The upper half of an inclined plane of inclination \(\theta\) is perfectly smooth while the lower half is rough A body starting from the rest at top come back to rest at the bottom, then the coefficient of friction for the lower half is given by (A) \(\mu=\sin \theta\) (B) \(\mu=\cot \theta\) (C) \(\mu=2 \cos \theta\) (D) \(\mu=2 \tan \theta\)
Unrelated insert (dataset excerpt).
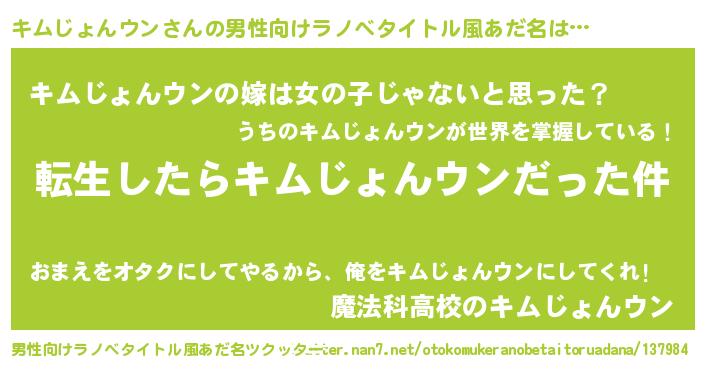 | 肩書あだ名 | 『キムじょんウン大将』 |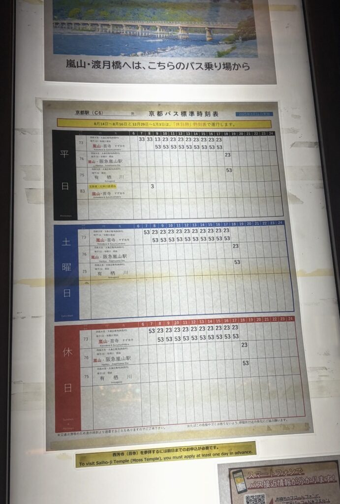 私は今回、京都駅のバス乗り場C6から73系統のバスに乗って鈴虫寺へ向かいました。

As the body slides down the smooth half of the inclined plane, it only experiences acceleration due to gravity. The motion is governed by the following equation: \(v^2 = u^2 + 2as\) where, \(v\) is the final velocity reached at the bottom of the smooth half, \(u\) is the initial velocity (0, since the body starts from rest), \(a\) is the acceleration due to gravity along the inclined plane (\(g\sin\theta\)), \(s\) is the distance traveled (half the inclined plane length, let's denote it by \(L/2\)). Substituting these values, we get: \(v^2 = 0^2 + 2(g\sin\theta)(L/2)\) Simplifying the equation: \(v^2 = gL\sin\theta\)

On the lower half of the inclined plane, the body experiences both gravitational force and frictional force. We can write the equation of motion for this segment: \(v'^2 = v^2 - 2\mu a's'\) where, \(v'\) is the final velocity at the bottom of the rough half (0, since the body comes to rest), \(v\) is the initial velocity reached at the end of the smooth half, \(\mu\) is the coefficient of friction between the body and the rough surface, \(a'\) is the acceleration due to gravity along the inclined plane (\(g\sin\theta\)) with the negative sign because it opposes the body's motion, \(s'\) is the distance traveled (the other half of the inclined plane's length, denoted by \(L/2\)). Substituting these values, we get: \(v'^2 = v^2 - 2\mu (g\sin\theta)(L/2)\) Simplifying the equation: \(v'^2 = v^2 - \mu gL\sin\theta\)

Since the final velocity \(v'\) at the end of the rough half is 0 (the body comes to rest), we can equate the mechanical energy during smooth segment and rough segment using conservation of mechanical energy: \(gL\sin\theta = \mu gL\sin\theta\) Divide both sides by \(g L\sin\theta\): \(1 = \mu\) Here, we find that the coefficient of friction (\(\mu\)) for the lower half of the inclined plane is equal to 1. Checking the given options, we find that: Option (A) \(\mu=\sin \theta\) Option (B) \(\mu=\cot \theta\) Option (C) \(\mu=2 \cos \theta\) Option (D) \(\mu=2 \tan \theta\) None of the given options match our result (\(\mu = 1\)). Therefore, the correct answer is not listed among the given options.